Justin Max Scheiner of New York NY (US)

Petar Aleksic of Jersey City NJ (US)

SCALABLE DYNAMIC CLASS LANGUAGE MODELING - A simplified explanation of the abstract

This abstract first appeared for US patent application 18486145 titled 'SCALABLE DYNAMIC CLASS LANGUAGE MODELING

Simplified Explanation

- Systems and methods for dynamically adapting speech recognition for individual voice queries of a user using class-based language models. - Receiving a voice query from a user with audio data and context data. - Generating one or more class models to identify terms based on context data and assign a class to each term. - Accessing and processing a language model with a residual unigram for each class to insert a class symbol. - Generating a transcription of the user's utterance using the modified language model.

Potential Applications

- Improved speech recognition systems for personalized user experiences. - Enhanced voice-controlled devices and virtual assistants. - Better accuracy in transcribing user voice queries.

Problems Solved

- Addressing the challenge of accurately recognizing individual voice queries in various contexts. - Improving the performance of speech recognition systems for diverse users. - Enhancing the user experience by adapting to specific user preferences and contexts.

Benefits

- Increased accuracy in speech recognition for personalized user interactions. - Enhanced user satisfaction with voice-controlled devices and services. - Improved efficiency in transcribing user voice queries.

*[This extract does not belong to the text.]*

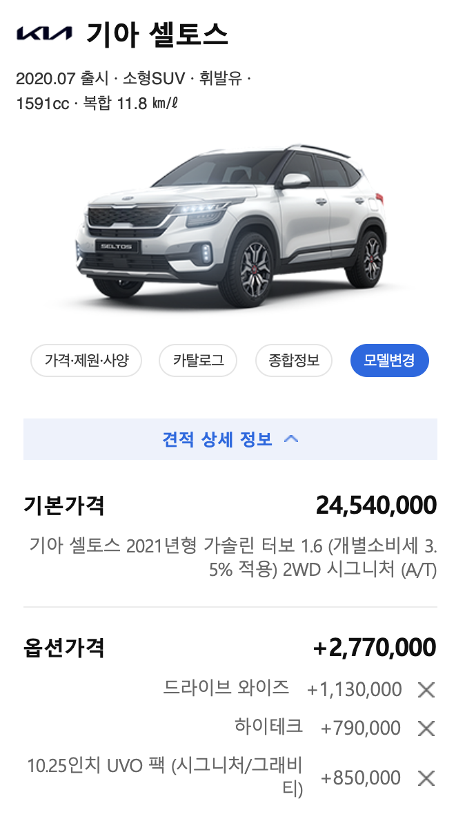 가격에 대한 자세한 내용은 셀토스 가격을 참고해주세요.

Original Abstract Submitted

This document generally describes systems and methods for dynamically adapting speech recognition for individual voice queries of a user using class-based language models. The method may include receiving a voice query from a user that includes audio data corresponding to an utterance of the user, and context data associated with the user. One or more class models are then generated that collectively identify a first set of terms determined based on the context data, and a respective class to which the respective term is assigned for each respective term in the first set of terms. A language model that includes a residual unigram may then be accessed and processed for each respective class to insert a respective class symbol at each instance of the residual unigram that occurs within the language model. A transcription of the utterance of the user is then generated using the modified language model.